Erikli nannte als Beispiel das Rottweiler Gefängnis, das "vermutlich eine deutschlandweite Premiere“ gewesen sei. Auch nach dem Bürgerentscheid, bei der konkreten Planung der JVA, „sollten die Bürgerinnen und Bürger mitreden und diese Aufgabe nicht einfach den Behörden überlassen“.

Schlagabtausch mit SPD-Fraktion

Ex-Justizminister Ulrich Goll (FDP) erinnerte allerdings daran, dass damit ein einstimmiger Gemeinderatsbeschluss ausgehebelt worden sei: Wenn ein Gemeinderat sich derart festlege, „dann finde ich es nicht gut, wenn man dieses Paket noch einmal aufmacht“. Jetzt stehe die Anstalt immer noch nicht, „sie wäre sonst seit fünf Jahren in Betrieb, und sie kostet dreimal so viel wie geplant“. Erler konterte mit der Feststellung: "Grundprinzip der Beteiligung ist: Geh früh rein, bilde ein Gremium, in dem nicht nur die Eliten sitzen, sondern auch die Landfrauen, Eltern, auch mal Jugendliche.“ Dann könne eine Beteiligung extrem erfolgreich sein.

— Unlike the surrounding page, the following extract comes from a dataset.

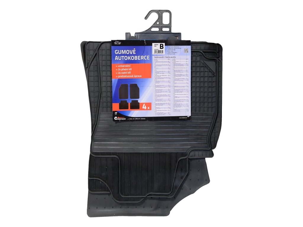 Sada 2x přední díl + 2x zadní díl univerzálních gumových autokoberců s protiskluzovou úpravou.

Zu einem Schlagabtausch kam es mit der SPD-Fraktion, für deren Sprecher Boris Weirauch der Umgang mit dem Kita-Volksbegehren gezeigt hat, wie auch die Grünen tatsächlich an Beteiligung inzwischen nicht interessiert seien: „Im Zuge der Gerichtsentscheidung zu der Gebührenfreiheit in den Kindertageseinrichtungen von vor ein paar Wochen wurde aus den Reihen der Koalitionsfraktionen die Entscheidung des Verfassungsgerichts noch als schwarzer Tag für die SPD bezeichnet.“

AfD spricht von Scheindebatte

Seine Fraktion „möchte die Entscheidung aber lieber als das bezeichnen, was sie tatsächlich ist, nämlich als schwarzen Tag für die Volksgesetzgebung und für die Familien in Baden-Württemberg“. Goll warf den Grünen vor, sich „als Anwälte der Bürgerbeteiligung zu inszenieren, das sind Sie aber schon lange nicht mehr“. Auch Hockenberger machte aus seiner Skepsis kein Hehl und verlangt „in jeden Fall ehrlich miteinander umzugehen“. Menschen dürfe nicht „die Möglichkeit einer Beteiligung suggeriert, die dann nicht eingehalten werden kann“. Emil Sänze (AfD) sprach von einer Scheindebatte und von Schmierentheater, weil grüne Politik den Menschen nur vorgaukele, sie zu beteiligen.